When Churchill reported the conversation to his political and military chiefs, the question of further air support was raised once more. Churchill was briefly minded to accede to Reynaud’s pleas. But Chamberlain sided with Air Chief Marshal Sir Hugh Dowding, C-in-C of Fighter Command, who passionately demurred. No further fighters were committed. That day Jock Colville, the prime minister’s twenty-five-year-old junior private secretary and an aspiring Pepys, noted in his diary the understated concerns of Maj. Gen. Hastings “Pug” Ismay, chief of staff to Churchill in his capacity as minister of defence. Ismay was “not too happy about the military44 situation. He says the French are not fighting properly: they are, he points out, a volatile race and it may take them some time to get into a warlike mood.”

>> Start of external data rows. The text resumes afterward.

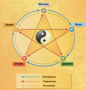 Чаще всего «у-син» переводится как «пять элементов, пять начал, пять стихий». Каждому из четырех состояний природы был дан символ: дерево, огонь, металл. вода. а пятый символ -земля добавлен , т.к. все изменения происходят на Земле. Дерево — символ рождения и роста, Огонь - максимальной активности, Металл - начинающегося упадка, Вода - минимальной активности, Земля — центр и ось циклических изменений. Элементы зависимы и связаны друг с другом. Китайский врачеватель знает в какое время года лучше заниматься лечением и профилактикой того или иного заболевания, какими вкусовыми ощущениями следует руководствоваться при определении диеты, какого эмоционального состояния следует избегать и т. д. Пять стихий имеют инь и ян свойства. При лечении в традиционной китайской медицине сначала строят цепочку взаимосвязей по принципу у-син, находят в ней дисбаланс инь и ян ,затем только непосредственно воздействуют на болезнетворное начало, поврежденные органы и функциональные системы. Китайская медицина рассматривает организм человека как единое целое и как часть одного мироздания, которое находится с ним в тесных взаимоотношениях.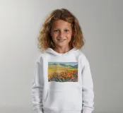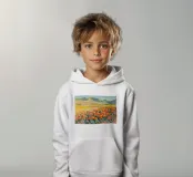 Un campo di papaveri arancioni crea un brillante patchwork di colori su dolci colline verdi e dorate, rese in modo stilizzato e moderno che enfatizza la gioia del paesaggio.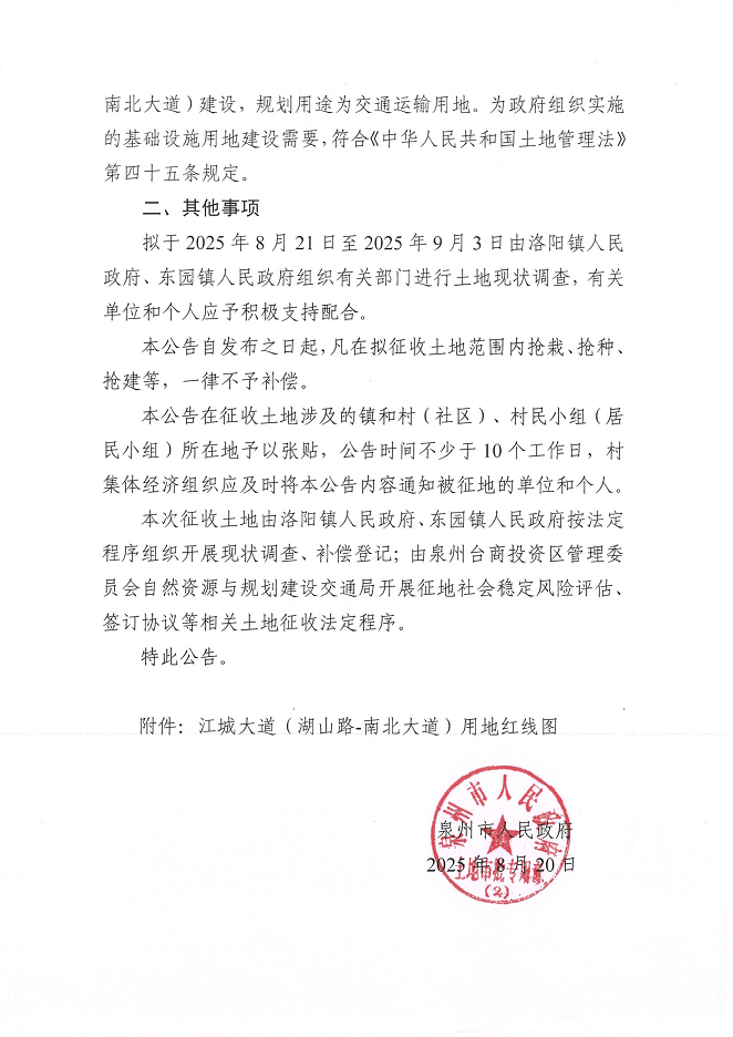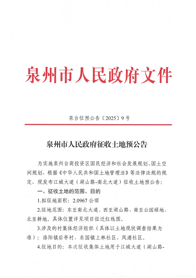 泉州市人民政府征收土地预公告(江城大道(湖山路—南北大道))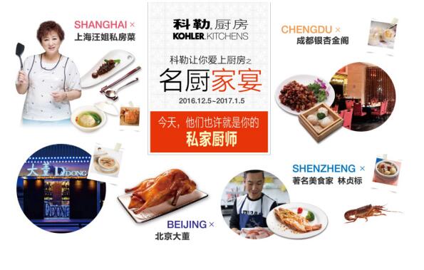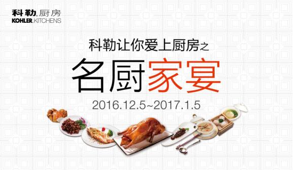 自2016.12.5起至2017.1.5,购买科勒厨房整套橱柜,就能在官方微信“科勒爱厨房”上报名参与“科勒厨房之名厨家宴”活动,获胜者将有机会邀请4-6位亲友享受名厨主持的上门豪华家宴。

Sluggish perception lagged behind dreadful reality. Churchill cabled to President Franklin Roosevelt: “I think myself that the battle45 on land has only just begun, and I should like to see the masses engage. Up to the present, Hitler is working with specialized units in tanks and air.” He appealed for American aid, and for the first time begged the loan of fifty old destroyers. Washington had already vetoed a request that a British aircraft carrier should dock at an American port to embark fully assembled, battle-ready fighters. This would breach the U.S. Neutrality Act, said the president. So, too, he decided, would the dispatch of destroyers.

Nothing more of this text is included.